**DIRECTIONS:** Repeat the listing below in full and exactly. Pictures are to be omitted.

**DATA PROVIDED:**
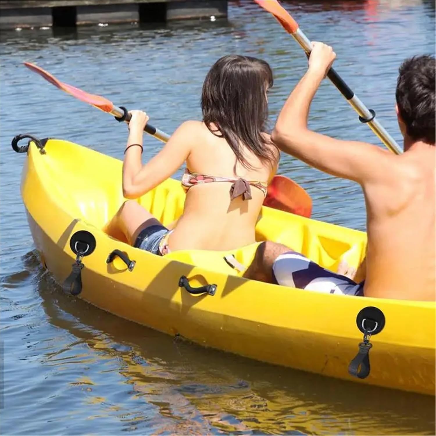 Installation Tip for Optimal Security: Mount the clip within easy reach of your seated position, angled slightly forward so paddles slide in naturally; periodically check mounting screws for tightness during extended trips1. Sturdy Build: Crafted with PVC and stainless steel to prevent rust. High-quality elastic rubber core for secure and flexible fastening, improving kayaking adventure2. Easy to Use: Easily suspends paddle boards from padded eyelets; not only easy to use and install, but also adjustable in length, accommodating various storage items3. Safe Design: Experience the convenience of a Patch Buckle Set, providing a good attachment to secure your paddle on the board for an improved kayaking adventure4. Easily adjusts its length: Easily adjusts its length and is simple to install, enhancing utility by also serving as a storage solution for various items5. Wide Range of Uses: Safely organize your gear on PVC inflatable boats, rafts, dinghies, and kayaks; specifically designed for rope and cargo management
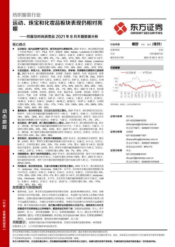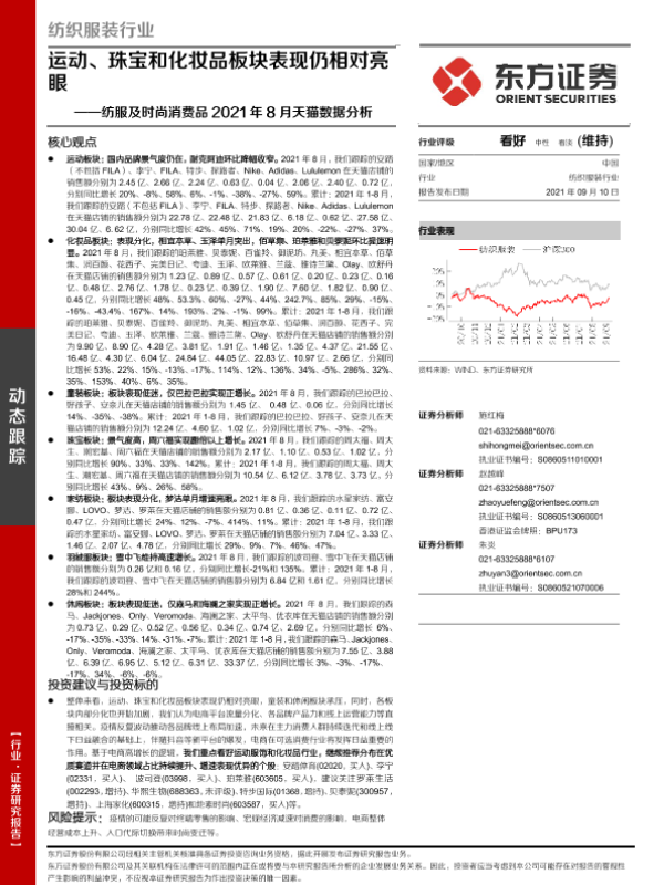 【东方证券】【20210910】纺织服装行业:纺服及时尚消费品2021年8月天猫数据分析,运动、珠宝和化妆品板块表现仍相对亮眼-16页
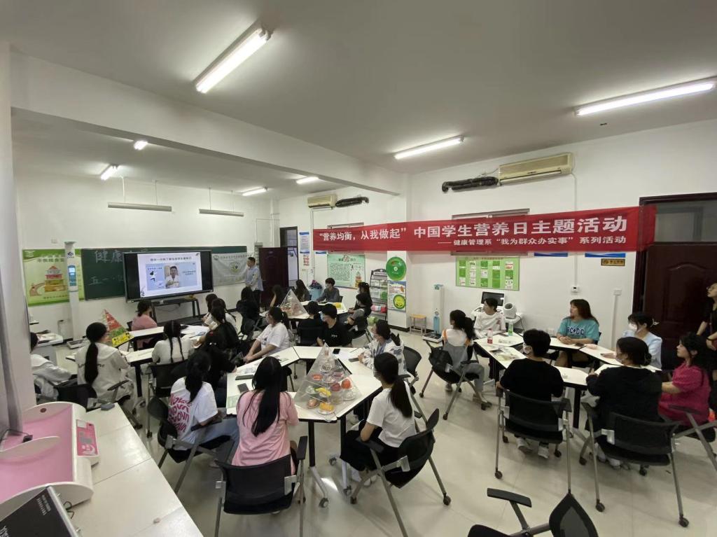 营养周期间健康管理系以“会烹会选,会看标签”为主题,在学习通APP开放“营养与健康”线上学习资源;我系医学营养专业教师崔琳林围绕青少年营养和饮食、营养助力近视防控等方面帮助同学们丰富营养知识,树立健康生活观念;在5月20日中国学生营养日当天,组织朱嵩等老师走进牡丹区南城办事处举办膳食指南专题讲座,为社区居民解读2022版中国居民膳食指南,宣传科学健康养生常识;依托“健康小屋”组织专业教师与志愿者举办“营养均衡,从我做起”科普宣传,传递营养健康的消费理念,突出实践平衡膳食的价值引导,并为师生提供免费健康测量服务。
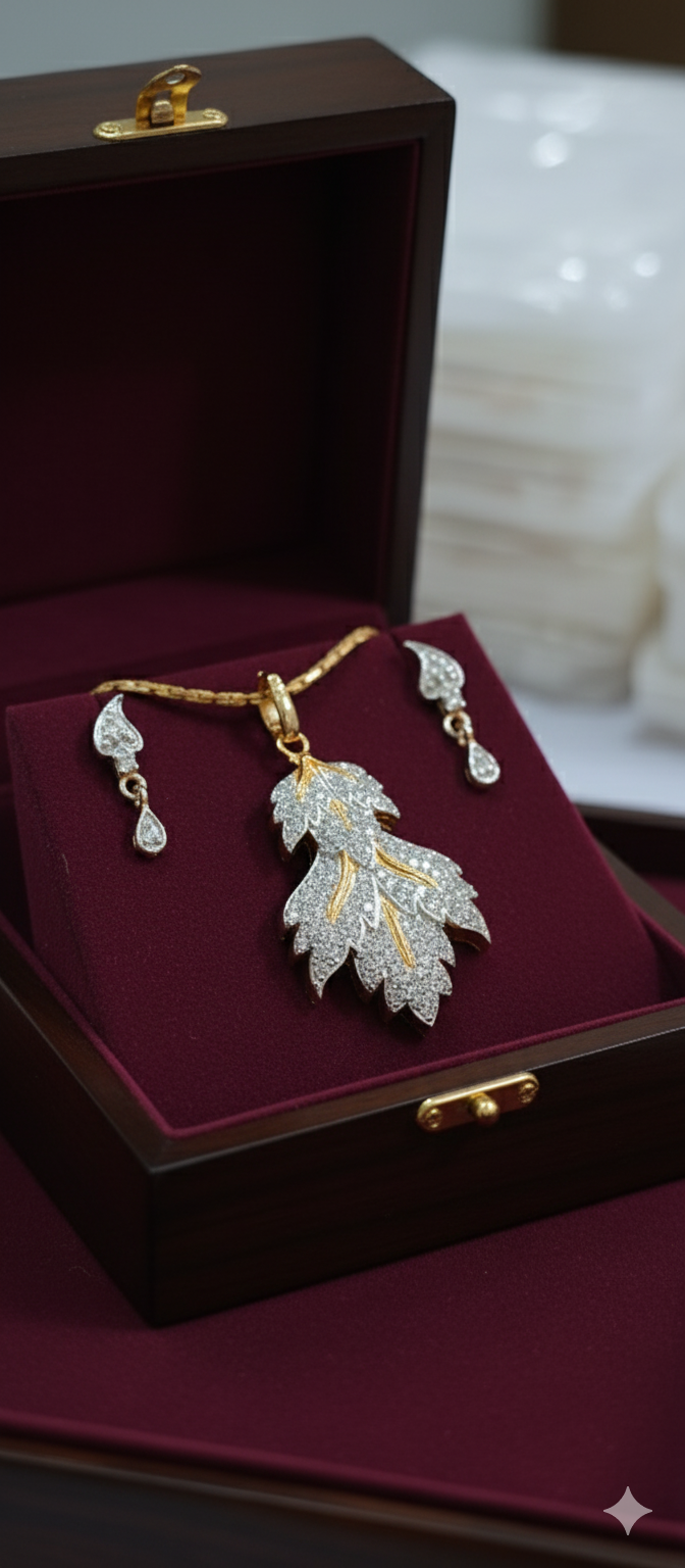 Artificial and attractive design leaf-insppired motif pendent set

**THE COMPLETED TASK:**
 Installation Tip for Optimal Security: Mount the clip within easy reach of your seated position, angled slightly forward so paddles slide in naturally; periodically check mounting screws for tightness during extended trips1. Sturdy Build: Crafted with PVC and stainless steel to prevent rust. High-quality elastic rubber core for secure and flexible fastening, improving kayaking adventure2. Easy to Use: Easily suspends paddle boards from padded eyelets; not only easy to use and install, but also adjustable in length, accommodating various storage items3. Safe Design: Experience the convenience of a Patch Buckle Set, providing a good attachment to secure your paddle on the board for an improved kayaking adventure4. Easily adjusts its length: Easily adjusts its length and is simple to install, enhancing utility by also serving as a storage solution for various items5. Wide Range of Uses: Safely organize your gear on PVC inflatable boats, rafts, dinghies, and kayaks; specifically designed for rope and cargo management
 【东方证券】【20210910】纺织服装行业:纺服及时尚消费品2021年8月天猫数据分析,运动、珠宝和化妆品板块表现仍相对亮眼-16页
 营养周期间健康管理系以“会烹会选,会看标签”为主题,在学习通APP开放“营养与健康”线上学习资源;我系医学营养专业教师崔琳林围绕青少年营养和饮食、营养助力近视防控等方面帮助同学们丰富营养知识,树立健康生活观念;在5月20日中国学生营养日当天,组织朱嵩等老师走进牡丹区南城办事处举办膳食指南专题讲座,为社区居民解读2022版中国居民膳食指南,宣传科学健康养生常识;依托“健康小屋”组织专业教师与志愿者举办“营养均衡,从我做起”科普宣传,传递营养健康的消费理念,突出实践平衡膳食的价值引导,并为师生提供免费健康测量服务。
 Artificial and attractive design leaf-insppired motif pendent set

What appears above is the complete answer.